──────── EXERCISE INPUTS
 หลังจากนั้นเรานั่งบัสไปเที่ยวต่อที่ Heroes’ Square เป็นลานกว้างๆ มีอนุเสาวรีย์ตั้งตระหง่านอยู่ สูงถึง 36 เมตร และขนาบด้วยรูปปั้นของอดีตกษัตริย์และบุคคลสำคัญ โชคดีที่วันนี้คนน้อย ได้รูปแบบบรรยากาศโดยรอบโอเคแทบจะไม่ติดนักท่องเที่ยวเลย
────────────────
──────── EXERCISE INPUTS
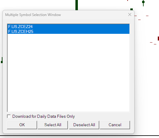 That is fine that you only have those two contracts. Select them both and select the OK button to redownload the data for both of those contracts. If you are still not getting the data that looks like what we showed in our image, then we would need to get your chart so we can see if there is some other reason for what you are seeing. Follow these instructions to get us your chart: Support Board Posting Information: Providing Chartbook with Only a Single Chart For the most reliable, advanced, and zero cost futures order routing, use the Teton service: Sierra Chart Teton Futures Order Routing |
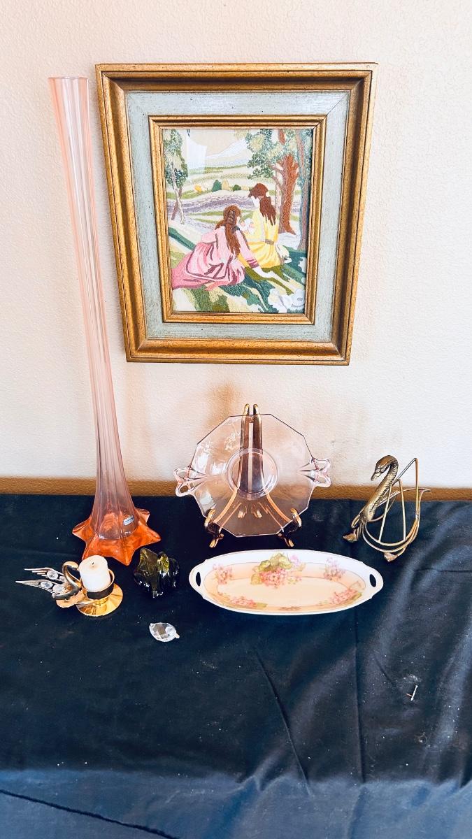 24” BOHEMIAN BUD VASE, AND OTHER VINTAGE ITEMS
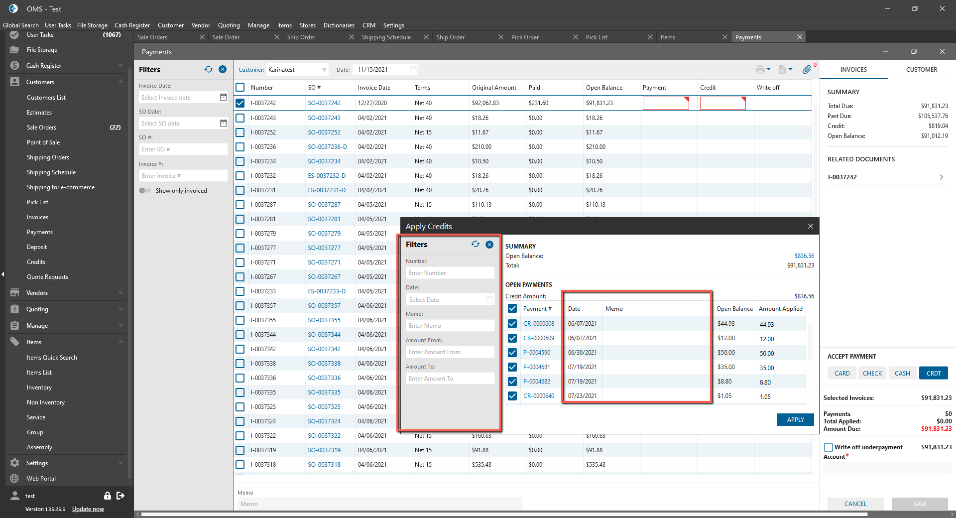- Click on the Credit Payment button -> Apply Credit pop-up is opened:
────────────────
WHAT YOU WILL DO
In the listing above, find the line containing "OTHER VINTAGE ITEMS" and the line containing "- Click on the", then print exactly those two lines and every line between them, minus the pictures.

EXPECTED ANSWER
 24” BOHEMIAN BUD VASE, AND OTHER VINTAGE ITEMS
- Click on the Credit Payment button -> Apply Credit pop-up is opened:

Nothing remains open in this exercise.